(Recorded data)
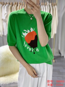 2022新款可爱水果系列针织短袖毛衣宽松T恤洋气上...
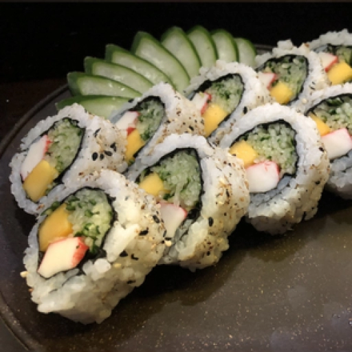 Arroz, salmão, haddock, sunomono, couve crispy, cream cheese, alga, manga, gergelim.
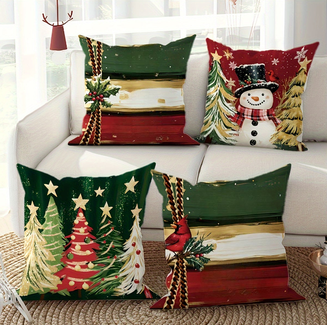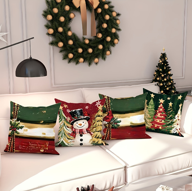 Giv din stue et festligt løft med disse dekorative jule pudebetræk. De smukke designs med juletræer, snemænd og vintermotiver skaber straks en varm og indbydende julestemning.
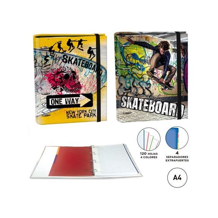 Senfort Carpeta Anillas 4x30 mm Ringbook C-Recambio 120H A4 C-Goma 4 Separadores Skateboard Surtido
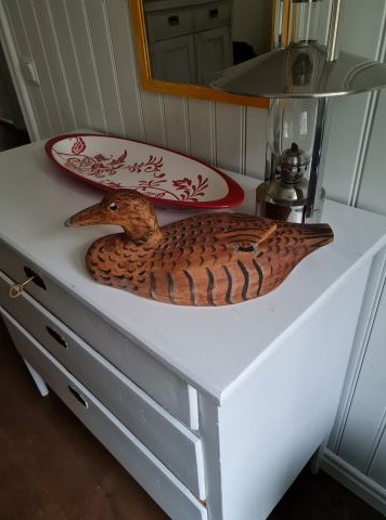 Handgjord trävette, i naturlig storlek vackert snidad ur ett genuint trästycke designad och handmålad på Skeppsudden.
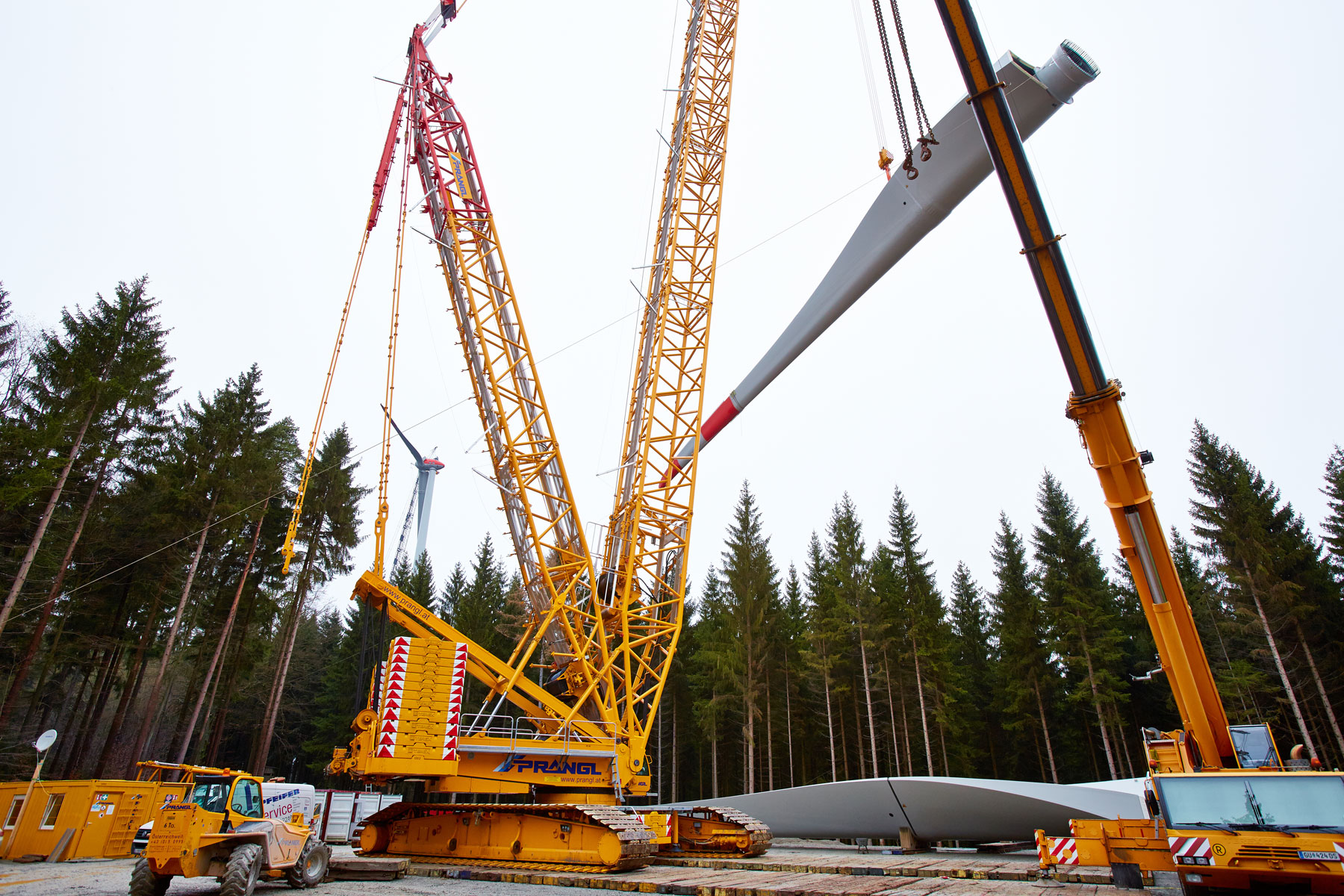 Stručnjaci tvrtke Prangl na licu mjesta podijelili su se u dvije ekipe koje su upravljale velike dizalice i koje su bile odgovorne za pravilno postavljanje vjetroturbina. U uporabi su dvije dizalice sa gusjenicama najnovije generacije, jedna od 600 tona, a druga od 650 tona. Svakoj ekipi pored toga pomaže i jedna pomoćna dizalica od 200 tona i teleskopski viličar od 6 tona. Kod nekoliko postrojenja pored toga u pomoć je priskočila još 80 tonska teleskopska dizalica na gusjenicama. Običajna teleskopska dizalica tu bi naletjela na krajnje granice svojih sposobnosti.

(What the task asks):
Could you output every entry exactly as written, skipping the pictures?

(Output of the exercise):
 2022新款可爱水果系列针织短袖毛衣宽松T恤洋气上...
 Arroz, salmão, haddock, sunomono, couve crispy, cream cheese, alga, manga, gergelim.
 Giv din stue et festligt løft med disse dekorative jule pudebetræk. De smukke designs med juletræer, snemænd og vintermotiver skaber straks en varm og indbydende julestemning.
 Senfort Carpeta Anillas 4x30 mm Ringbook C-Recambio 120H A4 C-Goma 4 Separadores Skateboard Surtido
 Handgjord trävette, i naturlig storlek vackert snidad ur ett genuint trästycke designad och handmålad på Skeppsudden.
 Stručnjaci tvrtke Prangl na licu mjesta podijelili su se u dvije ekipe koje su upravljale velike dizalice i koje su bile odgovorne za pravilno postavljanje vjetroturbina. U uporabi su dvije dizalice sa gusjenicama najnovije generacije, jedna od 600 tona, a druga od 650 tona. Svakoj ekipi pored toga pomaže i jedna pomoćna dizalica od 200 tona i teleskopski viličar od 6 tona. Kod nekoliko postrojenja pored toga u pomoć je priskočila još 80 tonska teleskopska dizalica na gusjenicama. Običajna teleskopska dizalica tu bi naletjela na krajnje granice svojih sposobnosti.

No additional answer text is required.